4.5 Ten aanzien van de eerste schadepost, het verlies op de effectenportefeuille, overweegt de Commissie als volgt. Deze vordering van Consument berust op de veronderstelling dat Aangeslotene gehouden was bij een fors koersverlies onmiddellijk maatregelen te nemen om (verdere) waardedaling te voorkomen.
4.6 De Commissie stelt voorop dat – in het algemeen – een dergelijke verplichting niet geldt voor de financiële onderneming in een adviesrelatie en zelfs niet zonder meer in een reguliere relatie van vermogensbeheer.
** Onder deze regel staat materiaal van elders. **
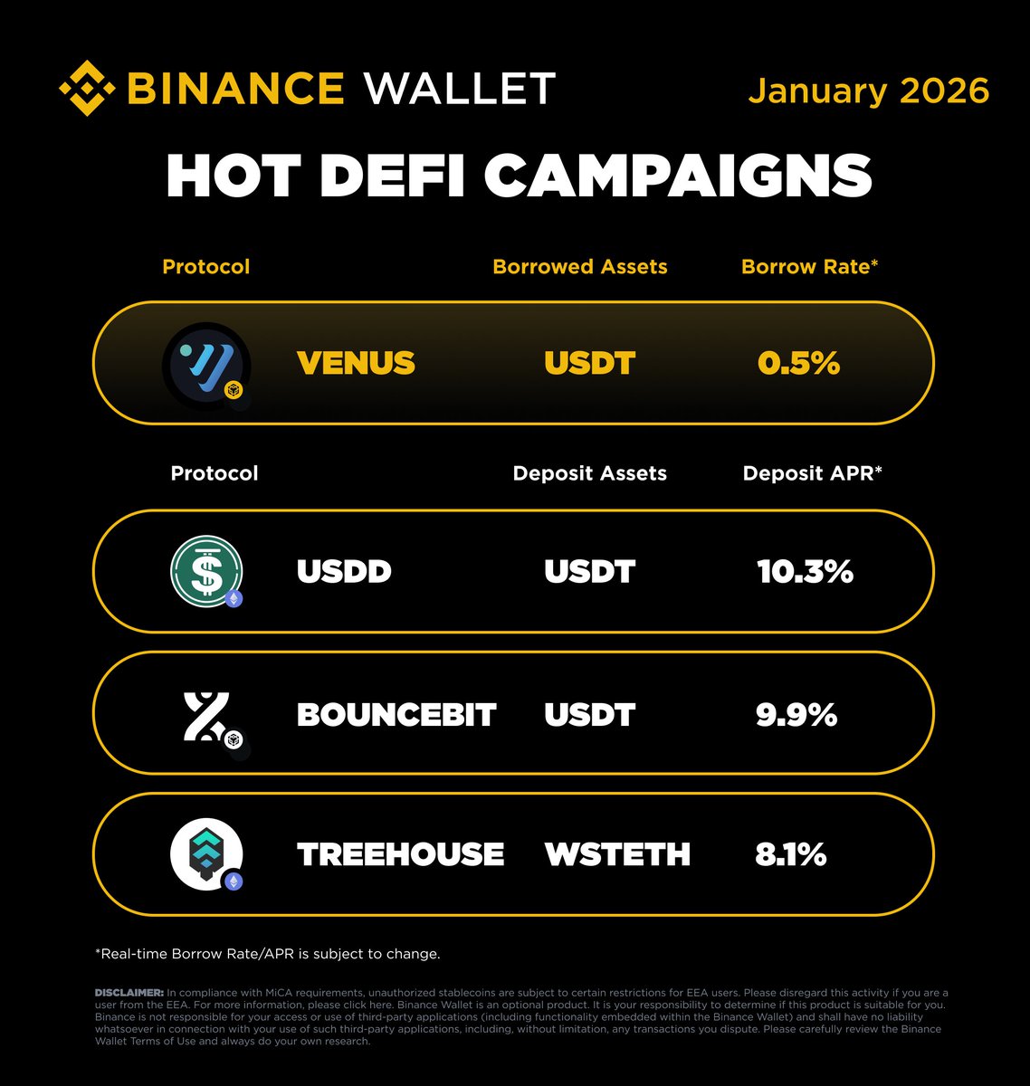 🔥在Web3贷款Venus USDT池中借入USDT,并通过#BinanceWallet在BNB DeFi Festival享受1.2%的借款利率*!

Des te minder kan een dergelijke verplichting worden aangenomen in dit geval, waarin het gaat om een effectenportefeuille met een offensief profiel en waarin Consument bewust voor een offensief profiel heeft gekozen nadat Aangeslotene hem eerder een neutraal profiel had aangeraden.
4.7 Evenmin is gebleken dat partijen specifieke afspraken hebben gemaakt over het treffen van maatregelen ter voorkoming van waardedaling. Consument heeft weliswaar gesteld dat de effecten zouden worden verkocht na een koersdaling van meer dan 5% in korte tijd; naar het oordeel van de Commissie is deze stelling echter onvoldoende onderbouwd. Immers, noch in de overeenkomst, noch in de beleggingsvoorstellen van Aangeslotene is een dergelijke afspraak vermeld. Evenmin kan het bestaan van een dergelijke afspraak worden afgeleid uit de ingevulde vragenlijsten, de verslagen van de met Consument gevoerde gesprekken en de aan hem verzonden e-mails (zie overweging 2.4 en 2.7 tot en met 2.11 hiervoor).
4.8 Het is daarom niet komen vast te staan dat Aangeslotene verplicht was tot het treffen van maatregelen ter voorkoming van (verdere) waardedaling. Dat brengt mee dat niet is voldaan aan de vereisten voor een vordering tot schadevergoeding, voor zover deze betrekking heeft op de effectenportefeuille bij Aangeslotene. Dit deel van de vordering zal dan ook worden afgewezen.
4.9 Ten aanzien van de tweede schadepost, het verlies op de beleggingsverzekering, heeft Consument volstaan met de stelling dat Aangeslotene hem heeft geadviseerd over de samenstelling van de bij die verzekering behorende beleggingsportefeuille – hetgeen door Aangeslotene niet is betwist – en dat Aangeslotene heeft nagelaten maatregelen te treffen ter voorkoming van waardedaling. De Commissie constateert dat Consument daarmee zijn vordering onvoldoende heeft onderbouwd. Zoals hiervoor is overwogen, brengt de omstandigheid dat Aangeslotene advies heeft gegeven, op zichzelf nog geen gehoudenheid mee bij koersdalingen onmiddellijk maatregelen ter voorkoming van (verdere) waardedaling te treffen, terwijl evenmin is gebleken van specifieke afspraken tot het treffen van dergelijke maatregelen. Ook dit deel van de vordering zal dus worden afgewezen.
4.10 Het voorgaande leidt tot de conclusie dat de vordering van Consument in haar geheel moet worden afgewezen.
4.11 Ten slotte merkt de Commissie op dat het handelen van Aangeslotene in deze zaak geen aanbeveling verdient, in die zin dat zij een adviesrelatie is aangegaan, doch vervolgens geruime tijd op grond van een volmacht van Consument effectentransacties heeft verricht, hetgeen met het karakter van een adviesrelatie onverenigbaar is, maar wel bij een relatie van vermogensbeheer past. In zoverre is de klacht van Consument gegrond, ook al heeft dit handelen geen voor vergoeding in aanmerking komende schade veroorzaakt.

5. Beslissing

De Commissie wijst, als bindend advies, de vordering af.

In artikel 5 van het Reglement van de Commissie van Beroep Financiële Dienstverlening is bepaald in welke gevallen beroep openstaat van beslissingen van de Geschillencommissie Financiële Dienstverlening bij de Commissie van Beroep Financiële Dienstverlening. Daarbij geldt een termijn van zes weken na verzending van deze uitspraak.